• _Directions_
The data must be given again exactly as written, with all images omitted.

• _Raw data_
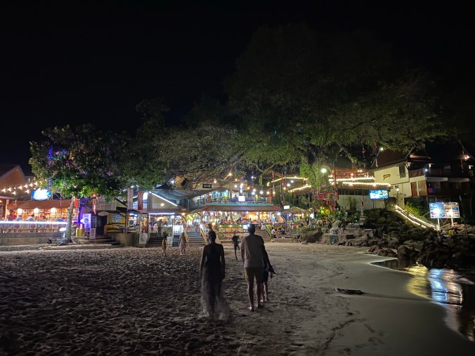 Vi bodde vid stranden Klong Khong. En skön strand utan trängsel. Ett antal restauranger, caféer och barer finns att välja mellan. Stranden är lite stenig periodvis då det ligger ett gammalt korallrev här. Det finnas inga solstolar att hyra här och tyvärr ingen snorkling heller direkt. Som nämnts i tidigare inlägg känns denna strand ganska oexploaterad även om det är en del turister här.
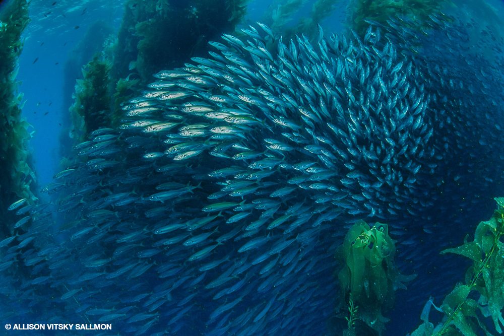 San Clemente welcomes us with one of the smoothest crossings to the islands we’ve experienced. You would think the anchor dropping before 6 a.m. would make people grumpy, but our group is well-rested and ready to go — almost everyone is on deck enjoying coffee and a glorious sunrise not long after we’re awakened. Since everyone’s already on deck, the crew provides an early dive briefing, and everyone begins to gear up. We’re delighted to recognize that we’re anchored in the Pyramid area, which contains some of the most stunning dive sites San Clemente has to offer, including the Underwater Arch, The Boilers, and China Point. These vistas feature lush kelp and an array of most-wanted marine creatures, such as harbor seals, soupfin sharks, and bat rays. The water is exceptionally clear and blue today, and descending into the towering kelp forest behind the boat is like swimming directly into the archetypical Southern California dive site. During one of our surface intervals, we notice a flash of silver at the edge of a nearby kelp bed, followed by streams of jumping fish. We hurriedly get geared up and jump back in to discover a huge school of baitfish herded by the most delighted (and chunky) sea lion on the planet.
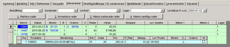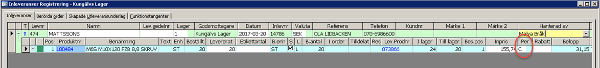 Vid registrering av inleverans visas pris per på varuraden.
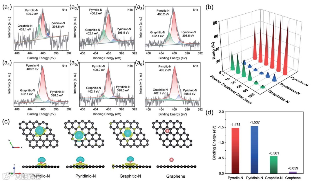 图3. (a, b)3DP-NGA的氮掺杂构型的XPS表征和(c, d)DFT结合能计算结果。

• _Solution to this problem_
 Vi bodde vid stranden Klong Khong. En skön strand utan trängsel. Ett antal restauranger, caféer och barer finns att välja mellan. Stranden är lite stenig periodvis då det ligger ett gammalt korallrev här. Det finnas inga solstolar att hyra här och tyvärr ingen snorkling heller direkt. Som nämnts i tidigare inlägg känns denna strand ganska oexploaterad även om det är en del turister här.
 San Clemente welcomes us with one of the smoothest crossings to the islands we’ve experienced. You would think the anchor dropping before 6 a.m. would make people grumpy, but our group is well-rested and ready to go — almost everyone is on deck enjoying coffee and a glorious sunrise not long after we’re awakened. Since everyone’s already on deck, the crew provides an early dive briefing, and everyone begins to gear up. We’re delighted to recognize that we’re anchored in the Pyramid area, which contains some of the most stunning dive sites San Clemente has to offer, including the Underwater Arch, The Boilers, and China Point. These vistas feature lush kelp and an array of most-wanted marine creatures, such as harbor seals, soupfin sharks, and bat rays. The water is exceptionally clear and blue today, and descending into the towering kelp forest behind the boat is like swimming directly into the archetypical Southern California dive site. During one of our surface intervals, we notice a flash of silver at the edge of a nearby kelp bed, followed by streams of jumping fish. We hurriedly get geared up and jump back in to discover a huge school of baitfish herded by the most delighted (and chunky) sea lion on the planet.
 Vid registrering av inleverans visas pris per på varuraden.
 图3. (a, b)3DP-NGA的氮掺杂构型的XPS表征和(c, d)DFT结合能计算结果。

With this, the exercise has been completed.